Example of the generated unit test for this benchmark:

public class com_jsyn_data_HammingWindow_26Test {

    static final String INPUT_ROOT_FOLDER = "C:/MarcelStuff/DATA/DIVERSE/logs/input-data";
    static final String INPUT_DATA_FILE = "com-jsyn-data-HammingWindow-26";

    @Test
    public void testOriginal() throws IOException {
        com_jsyn_data_HammingWindow_26_ORIGINAL benchmark =
            new com_jsyn_data_HammingWindow_26_ORIGINAL();
        benchmark.setup();
        benchmark.doBenchmark();

        DataInputStream s = Loader.getStream(INPUT_ROOT_FOLDER, INPUT_DATA_FILE);
        int length = Loader.readint(s);
        double[] data = Loader.readArraydouble(s);
        double alpha = Loader.readdouble(s);
        double beta = Loader.readdouble(s);
        double scaler = Loader.readdouble(s);
        
        s.close();
        
        assertEquals(benchmark.length, length);
        BenchAsserts.assertDoubleArrayEquals(benchmark.data, data);
        assertEquals(benchmark.alpha, alpha);
        assertEquals(benchmark.beta, beta);
        assertEquals(benchmark.scaler, scaler);

    }

}

Limitations:

  1. Snippets containing something else than primitive types variables, their class counterparts and collections, are NOT benchmarked.
  2. Snippets containing a dynamic method call to something else than a java.lang.collection class are NOT benchmarked.

Discussion

  1. We must trust that the unit test of the original code are properly describing its correct functioning. We cannot ensure that our optimizations will work (or not) in an scenario not provided by these tests.

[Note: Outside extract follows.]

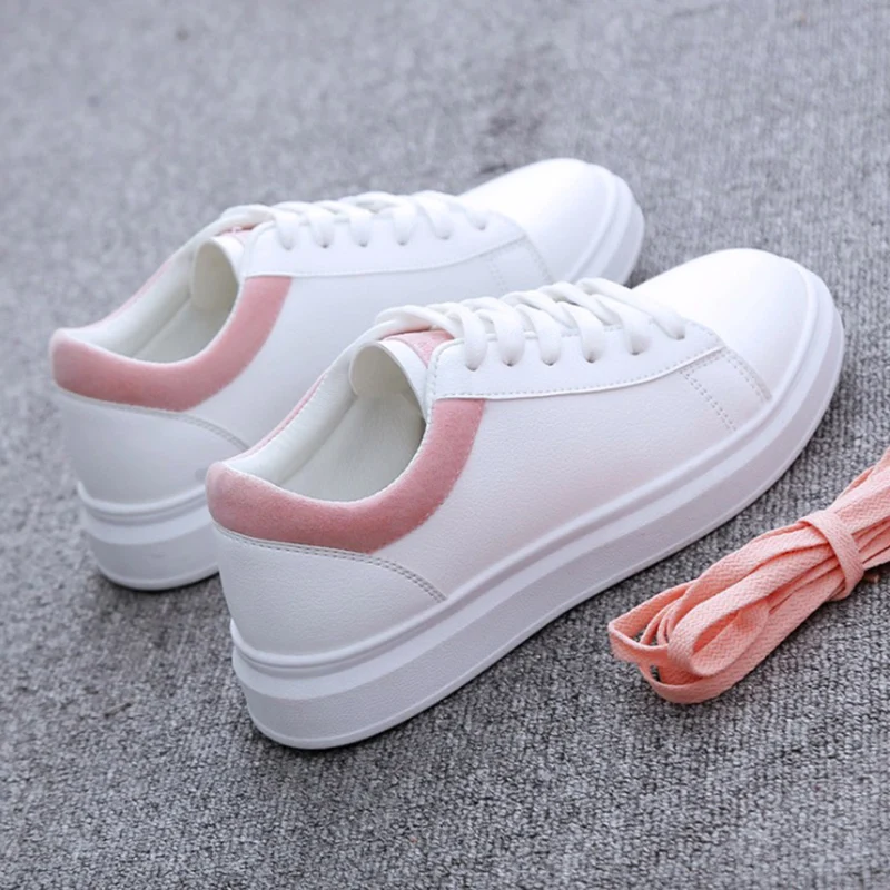 Кеды женские из ПУ кожи, дышащие кроссовки на платформе, Повседневная Мягкая модная обувь, белые, осень 2018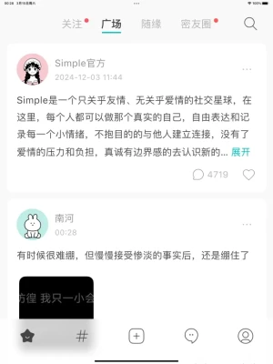 我们相信,简单才是美,简洁的设计才是最好的体验,因此,Simple摒弃了复杂和繁琐的功能,追求简单、清新的界面设计。你无需花费时间去适应复杂的操作流程,界面直观易用,一切都为了让你能更迅速地找到感兴趣的内容或结识新朋友。我们希望你在Simple上的每一次操作,都能感受到轻松与愉悦,而不是被繁杂的通知和无休止的功能干扰。

  2. The JavaVMs are complex smart systems that optimize code in very clever ways. Since we want to test the code in isolation, we must be very carefull to allow optimizations that would apply in production code, as well as prevent those that would not occur. As an instance, in the example given, loop unrolling is considered an aceptable optimization since it may ocurr on production code, while dead code elimination may not. We hope to detect weird cases using the generated unit tests.

  3. The generation is limited to certain cases.